This repo contains the structured data DQW streamlit app code, however, the streamlit apps have been split into 5 for maintenance purposes:
- Main Streamlit app 📊
- Tabular Data Section 🏗️
- Audio Data Section 🎶
- Text Data Section 📚
- Image Data Section 🖼️
The packages used in the application are in the table below.
App section | Description | Visualisation | Selection | Package |
---|---|---|---|---|
Synthetic tabular | x | x | table-evaluator | |
Tabular | x | x | sweetviz | |
Tabular | x | x | pandas-profiling | |
Tabular, text | x | PyCaret |
Key points addressed:
- Quantitative measures – number of rows and columns.
- Qualitative measures – column types.
- Descriptive statistics with NumPy for numeric columns, for example, count, mean, percentiles and standard deviation. For discrete columns, count, unique, top and frequency.
- Explore missing data.
- Examine outliers.
- Mitigate class imbalance.
- Compare datasets, like train, test and evaluate data.
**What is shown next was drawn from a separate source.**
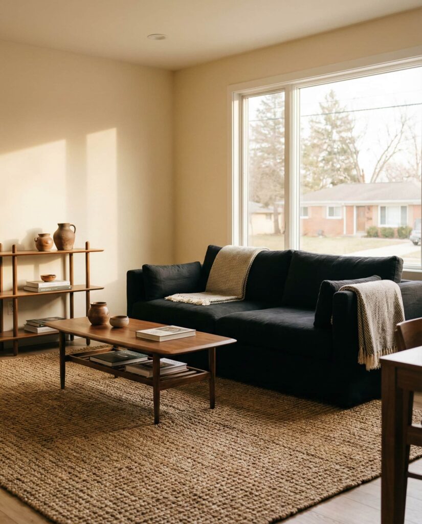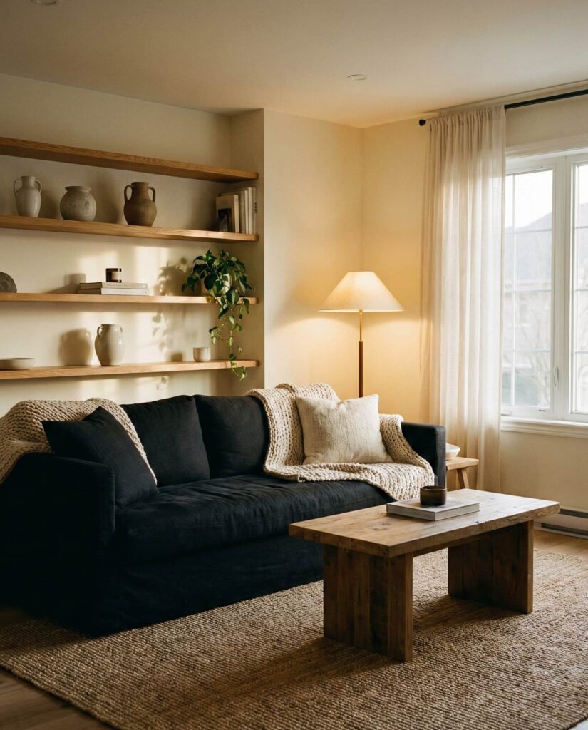 A Black couch can feel surprisingly grounded when used thoughtfully in earthy living rooms. Instead of stark contrast, this approach relies on Natural textures, warm woods, and layered Brown and Beige accents to soften the look. These decor ideas work especially well in open layouts where light balances darker furniture. I’ve noticed designers often pair black seating with woven Rug choices and subtle Wall decor to keep the aesthetic inviting. The result is a confident color scheme that feels modern, calm, and quietly cozy rather than dramatic.

- Evaluate synthetic datasets.
- Create a quality report.
To complete the key points, 4 subsections are created:
- One file EDA with pandas-profiling
- One file preporcessing with PyCaret
- Two file comparison with Sweetviz
- Synthetic data evaluation with table-evaluator
- In all the sections, there is an option to download a pdf/zip of the results
-
Installation process:
Create virtual environment and activate it - https://packaging.python.org/guides/installing-using-pip-and-virtual-environments/
Clone or download files from this repo
Run pip install -r requirements.txt
Run streamlit app.py to launch app
-
Software dependencies:
In requirements.txt
-
Latest releases
Use app.py